FIG. 5 shows the schematic configuration of an instruction execution determining section of a vector processing unit which is an embodiment of the present invention. Vector instructions read out of a main memory (which is not illustrated) are successively set into an instruction register 8. A sector OP stores an instruction code. Sectors R2 and R3 store VR numbers wherefrom two kinds of operands are to be read out. A sector Rl stores the VR number in which the data loaded from the main memory by a memory requester or tne computed result fed from the ALU is to be written. Reference numeral 36 denotes a VR administration circuit provided for each VR. The VR administration circuit 36 functions to indicate which of the write state, the first read state, and the second read state is assumed by the corresponding VR. Each VR administration circuit 36 has three flip-flops (hereafter abbreviated as FF) designated as FF1, FF2 and FF3. The FF1, FF2 and FF3 correspond to the write state, the first readout state, and the second readout state, respectively. Signals applied to input terminals WS, RS and RS' set the FF1, FF2 and FF3, respectively. And signals applied to input terminals WE, RE and RE' reset the FF1, FF2 and FF3, respectively. Reference numeral 9 denotes a resource administration circuit provided for each resource. The resource administration circuit 9 functions to indicate whether the corresponding resource is being used or not. Each resource administration circuit 9 has one FF for indicating the resource is being used. Reference numeral 10 denotes an instruction execution determining circuit. Based upon signals fed from the VR administration circuit 36 and the resource administration circuit 9, the circuit 10 determines whether the VR and resource required for execution of the vector instruction stored in the instruction register 8 can be used or not. If the vector instruction can be executed, the instruction execution determining circuit 10 adds a number RSN of a resource (an arithmetic unit or a memory requester) to be activated to the vector instruction fed from the instruction register 8. The resultant signal is sent out on a signal line 11.

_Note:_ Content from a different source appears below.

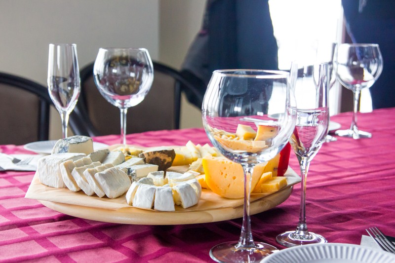 - Винная дегустация: 5-6 сортов вида + лёгкие закуски (сыр, крекеры)

FIG. 6 shows the schematic configuration of a VR section of the vector processing unit which is an embodiment of the present invention. Vector instructions which have been determined to be executable by the instruction execution determining section of FIG. 5 are successively supplied to a VR control unit 1 through the signal line 11.
In the VR control unit 1, a VR starting circuit 2 performs a necessary decoding operation to start a VR control circuit 3 via signal lines 21 and 22. In a writing operation, a VR data unit 4 writes data supplied from signal lines 5 which are separately provided for respective resources into a VR 6 in accordance with a write directive signal 31 fed from the VR control circuit 3. In the first reading operation, the VR data unit 4 reads the contents of the VR 6 to send them out as operand data 7 in accordance with a first readout directive signal 32 supplied from the VR control circuit 3. In the second reading operation, the VR data unit 4 reads the contents of the VR 6 to send them out as the operand data 7 in accordance with a second readout directive signal 33 supplied from the VR control circuit 3.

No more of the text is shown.